My passport was returned, there was a tongue in cheek apology for the interrogation letting me know they were just doing their job, which I accepted.  Mr. So and So promptly left the island and headed back to Canada.

He later reported that his wife arrived in Canada in a different casket that he had picked out, a cheaper one, in only her underwear. Evidently the dress, shoes and accessories we took to the morgue for her to be dressed in where confiscated and someone in Antigua was walking around town with them on.

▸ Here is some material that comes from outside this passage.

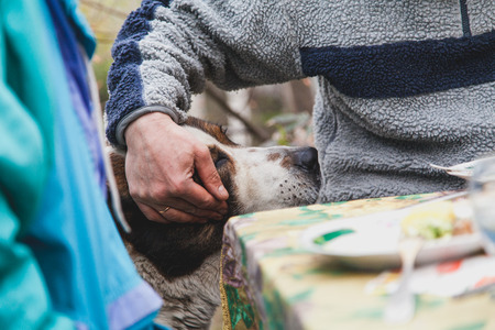 Affectionate master. A hand strokes the Central Asian sheepdog in front of the table in the yard. Dog closed his eyes with pleasure

We did continue to keep in touch over the years, you cannot share an experience like this and not have a lifetime bond. I had other adventures on the remaining 5 islands, but never as wild as this one.

Instructions for living: Pay attention. Be astonished. Tell about it.

Mary Oliver                                                                                               

I love reading the obituaries, it always reminds me I am still here to read them!